Requirement
In the records below, print each line exactly and leave every image out.

Data to examine

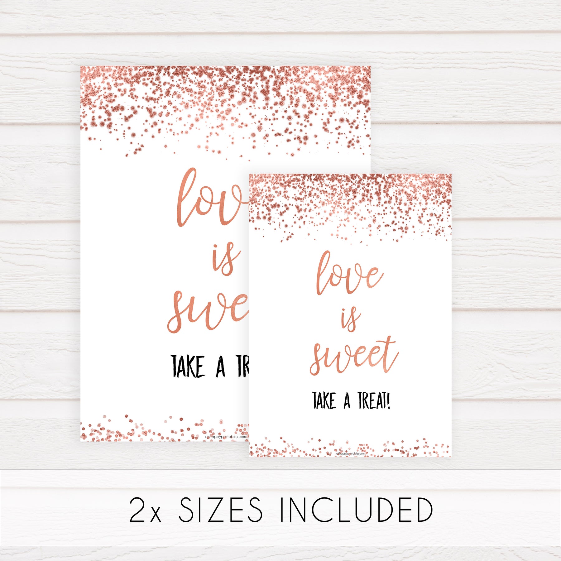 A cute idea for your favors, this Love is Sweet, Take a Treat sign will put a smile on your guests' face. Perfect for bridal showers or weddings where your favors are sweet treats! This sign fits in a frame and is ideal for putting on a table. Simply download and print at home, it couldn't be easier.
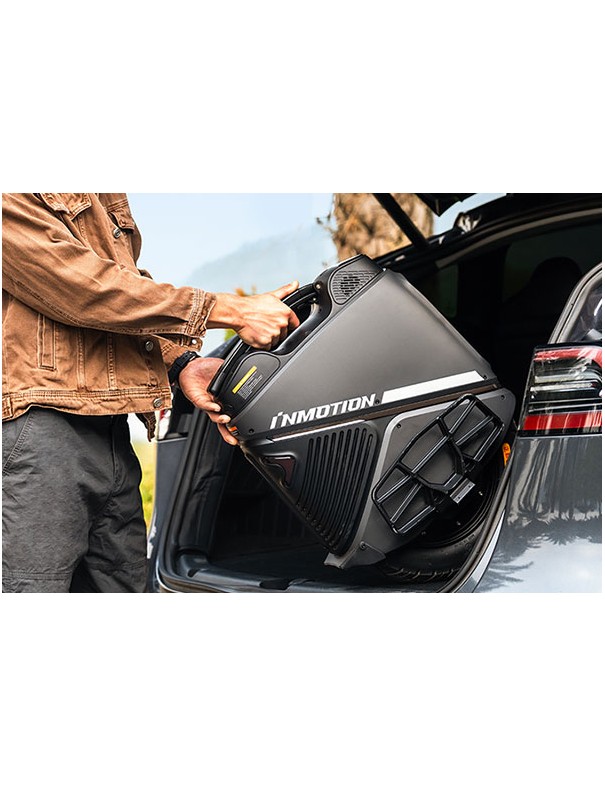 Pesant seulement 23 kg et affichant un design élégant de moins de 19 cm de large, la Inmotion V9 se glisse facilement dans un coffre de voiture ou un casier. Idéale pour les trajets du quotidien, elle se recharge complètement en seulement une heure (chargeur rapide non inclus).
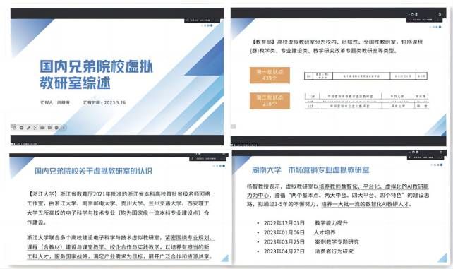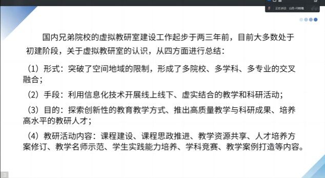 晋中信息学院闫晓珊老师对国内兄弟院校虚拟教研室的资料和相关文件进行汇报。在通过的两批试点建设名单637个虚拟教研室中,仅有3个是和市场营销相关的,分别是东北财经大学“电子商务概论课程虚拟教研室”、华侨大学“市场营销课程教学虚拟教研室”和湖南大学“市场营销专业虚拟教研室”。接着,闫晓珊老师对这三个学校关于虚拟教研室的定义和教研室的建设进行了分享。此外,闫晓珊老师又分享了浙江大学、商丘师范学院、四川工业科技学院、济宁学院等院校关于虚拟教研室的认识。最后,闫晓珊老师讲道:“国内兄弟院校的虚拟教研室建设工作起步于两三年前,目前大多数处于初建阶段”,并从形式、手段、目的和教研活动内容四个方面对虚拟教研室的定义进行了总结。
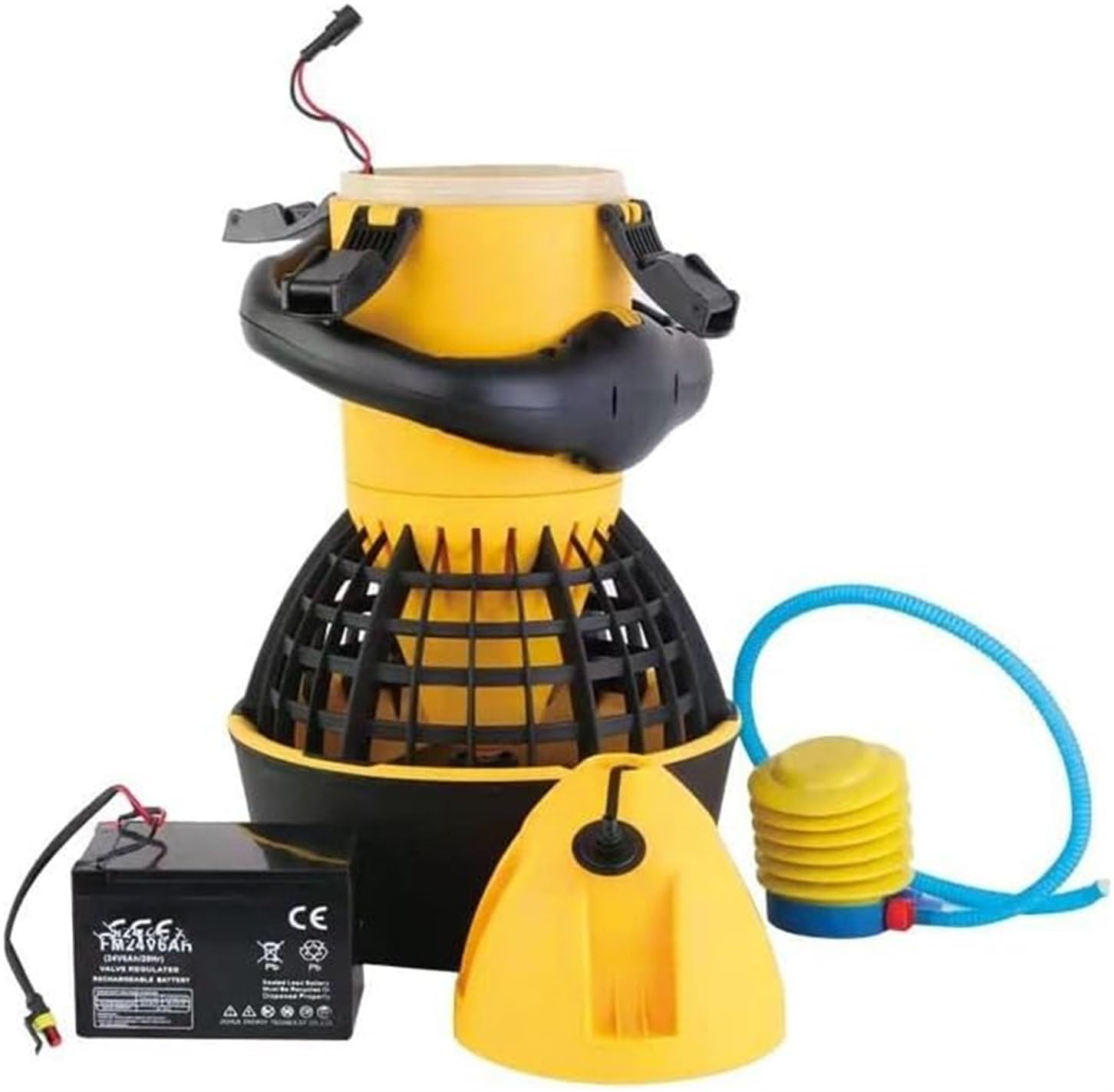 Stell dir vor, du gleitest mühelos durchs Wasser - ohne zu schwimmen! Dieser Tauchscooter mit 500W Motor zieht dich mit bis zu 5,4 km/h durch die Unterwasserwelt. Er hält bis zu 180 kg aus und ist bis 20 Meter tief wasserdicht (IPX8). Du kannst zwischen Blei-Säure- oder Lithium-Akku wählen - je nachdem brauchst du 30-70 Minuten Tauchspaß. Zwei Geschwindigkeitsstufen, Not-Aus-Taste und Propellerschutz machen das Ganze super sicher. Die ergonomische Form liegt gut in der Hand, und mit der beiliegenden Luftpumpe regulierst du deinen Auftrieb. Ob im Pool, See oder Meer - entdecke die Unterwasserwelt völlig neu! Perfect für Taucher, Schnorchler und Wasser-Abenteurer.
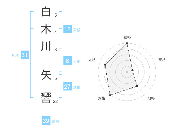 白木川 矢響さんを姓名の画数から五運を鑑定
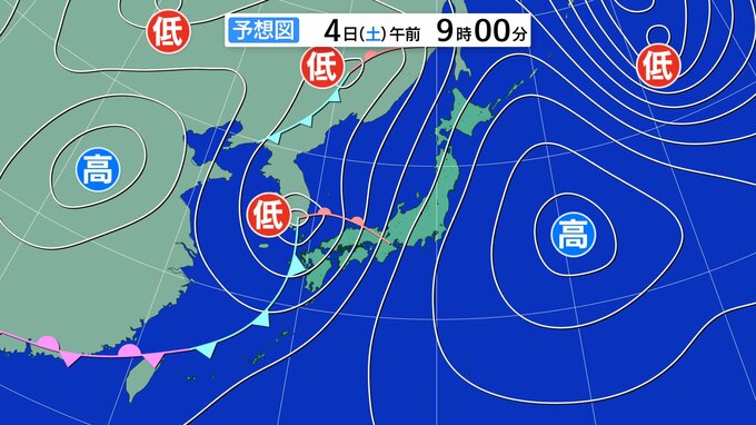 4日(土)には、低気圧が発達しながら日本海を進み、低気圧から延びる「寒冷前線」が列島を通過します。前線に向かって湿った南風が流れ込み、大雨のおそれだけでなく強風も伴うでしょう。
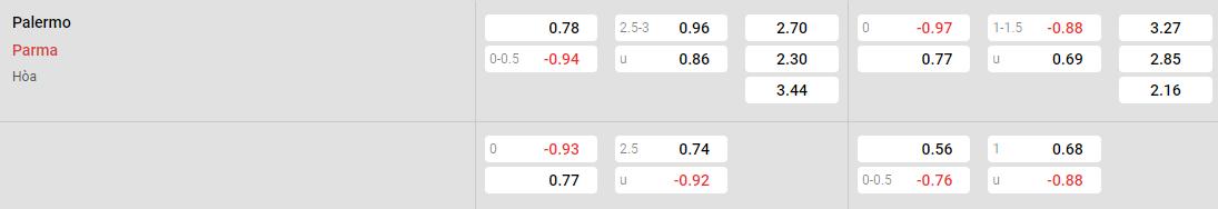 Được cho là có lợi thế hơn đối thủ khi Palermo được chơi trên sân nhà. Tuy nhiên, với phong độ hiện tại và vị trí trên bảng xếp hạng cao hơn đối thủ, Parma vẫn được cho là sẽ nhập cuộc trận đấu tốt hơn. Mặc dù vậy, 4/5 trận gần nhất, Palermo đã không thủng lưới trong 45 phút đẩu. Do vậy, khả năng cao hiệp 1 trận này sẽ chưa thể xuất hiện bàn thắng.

Answer box
 A cute idea for your favors, this Love is Sweet, Take a Treat sign will put a smile on your guests' face. Perfect for bridal showers or weddings where your favors are sweet treats! This sign fits in a frame and is ideal for putting on a table. Simply download and print at home, it couldn't be easier.
 Pesant seulement 23 kg et affichant un design élégant de moins de 19 cm de large, la Inmotion V9 se glisse facilement dans un coffre de voiture ou un casier. Idéale pour les trajets du quotidien, elle se recharge complètement en seulement une heure (chargeur rapide non inclus).
 晋中信息学院闫晓珊老师对国内兄弟院校虚拟教研室的资料和相关文件进行汇报。在通过的两批试点建设名单637个虚拟教研室中,仅有3个是和市场营销相关的,分别是东北财经大学“电子商务概论课程虚拟教研室”、华侨大学“市场营销课程教学虚拟教研室”和湖南大学“市场营销专业虚拟教研室”。接着,闫晓珊老师对这三个学校关于虚拟教研室的定义和教研室的建设进行了分享。此外,闫晓珊老师又分享了浙江大学、商丘师范学院、四川工业科技学院、济宁学院等院校关于虚拟教研室的认识。最后,闫晓珊老师讲道:“国内兄弟院校的虚拟教研室建设工作起步于两三年前,目前大多数处于初建阶段”,并从形式、手段、目的和教研活动内容四个方面对虚拟教研室的定义进行了总结。
 Stell dir vor, du gleitest mühelos durchs Wasser - ohne zu schwimmen! Dieser Tauchscooter mit 500W Motor zieht dich mit bis zu 5,4 km/h durch die Unterwasserwelt. Er hält bis zu 180 kg aus und ist bis 20 Meter tief wasserdicht (IPX8). Du kannst zwischen Blei-Säure- oder Lithium-Akku wählen - je nachdem brauchst du 30-70 Minuten Tauchspaß. Zwei Geschwindigkeitsstufen, Not-Aus-Taste und Propellerschutz machen das Ganze super sicher. Die ergonomische Form liegt gut in der Hand, und mit der beiliegenden Luftpumpe regulierst du deinen Auftrieb. Ob im Pool, See oder Meer - entdecke die Unterwasserwelt völlig neu! Perfect für Taucher, Schnorchler und Wasser-Abenteurer.
 白木川 矢響さんを姓名の画数から五運を鑑定
 4日(土)には、低気圧が発達しながら日本海を進み、低気圧から延びる「寒冷前線」が列島を通過します。前線に向かって湿った南風が流れ込み、大雨のおそれだけでなく強風も伴うでしょう。
 Được cho là có lợi thế hơn đối thủ khi Palermo được chơi trên sân nhà. Tuy nhiên, với phong độ hiện tại và vị trí trên bảng xếp hạng cao hơn đối thủ, Parma vẫn được cho là sẽ nhập cuộc trận đấu tốt hơn. Mặc dù vậy, 4/5 trận gần nhất, Palermo đã không thủng lưới trong 45 phút đẩu. Do vậy, khả năng cao hiệp 1 trận này sẽ chưa thể xuất hiện bàn thắng.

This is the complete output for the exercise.